Rencana tindak lanjut :
Mari kita masukkan jadwal minum obatnya pada jadwal kegiatan bapak Jangan lupa q
pada waktunya minta obat pada perawat atau pada keluarga kalau di rumah.
Kontrak :
Nah makanan sudah datang. Besok kita ketemu lagi untuk melihat manfaat 4 cara
mencegah suara yang telah kita bicarakan. Mau jam berapa?
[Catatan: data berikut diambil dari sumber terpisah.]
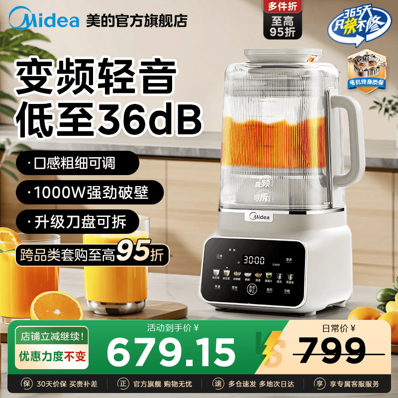 美的变频轻音安睡破壁机豆浆机
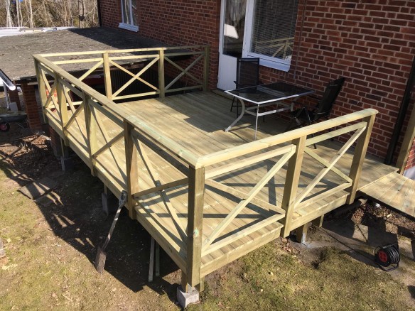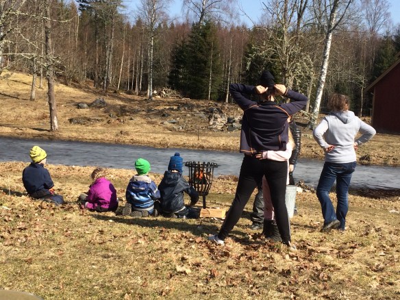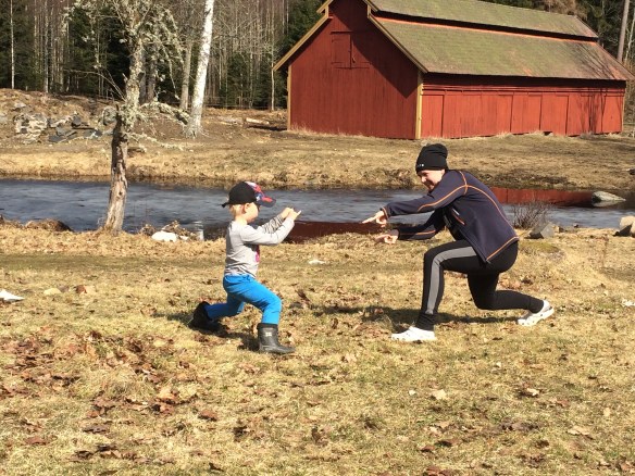Det blev aldrig någon hoppning tidigare i veckan så jag drog fram lite hinder i dag i stället! Det blev en serie på ena långsidan med två studs – ett galoppsprång – räcke med grind – ett galoppsprång – oxer. Kaprifol kändes lite småseg, men hoppade fint. Jag hoppade i vänster varv ett par gånger innan Axel hjälpte mig att bygga upp den sista oxern, och jag gjorde samma sak i slutet, men i övrigt blev det hoppning i höger varv.
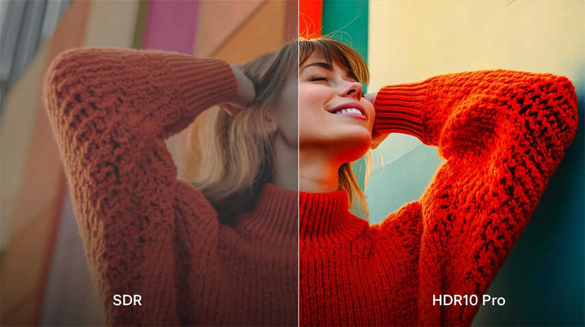 - Công nghệ HDR10 mang đến màu sắc sống động và độ sáng rực rỡ, nâng tầm độ phân giải màn hình, cho trải nghiệm hình ảnh vượt trội với độ tương phản sắc nét, rõ ràng đến từng chi tiết trong cả vùng sáng lẫn vùng tối.

Bagaimana kalau jam
10.00. sampai jumpa.

30
BAB IV
PENUTUP

4.1 KESIMPULAN
Halusinasi adalah persepsi klien melalui panca indera terhadap lingkungan tanpa ada
stimulus atau rangsangan yang nyata. Sedangkan halusinasi pendengaran adalah kondisi dimana
pasien mendengar suara, terutamanya suarasuara orang yang sedang membicarakan apa yang
sedang dipikirkannya dan memerintahkan untuk melakukan sesuatu.
Menurut Stuart (2007), faktor penyebab terjadinya halusinasi adalah :
1. Faktor predisposisi :
a. Biologis
b. Psikologis
c. Sosial Budaya
2. Faktor presipitasi
a. Biologis
b. Stress lingkungan
c. Sumber koping

4.2 SARAN
Dengan adanya makalah ini diharapkan dapat menambah pengetahuan penulis dan
pembaca mengenai tinjauan teori mengenai halusinasi, asuhan keperawatan halusinasi, dan
strategi pelaksanaan untuk halusinasi.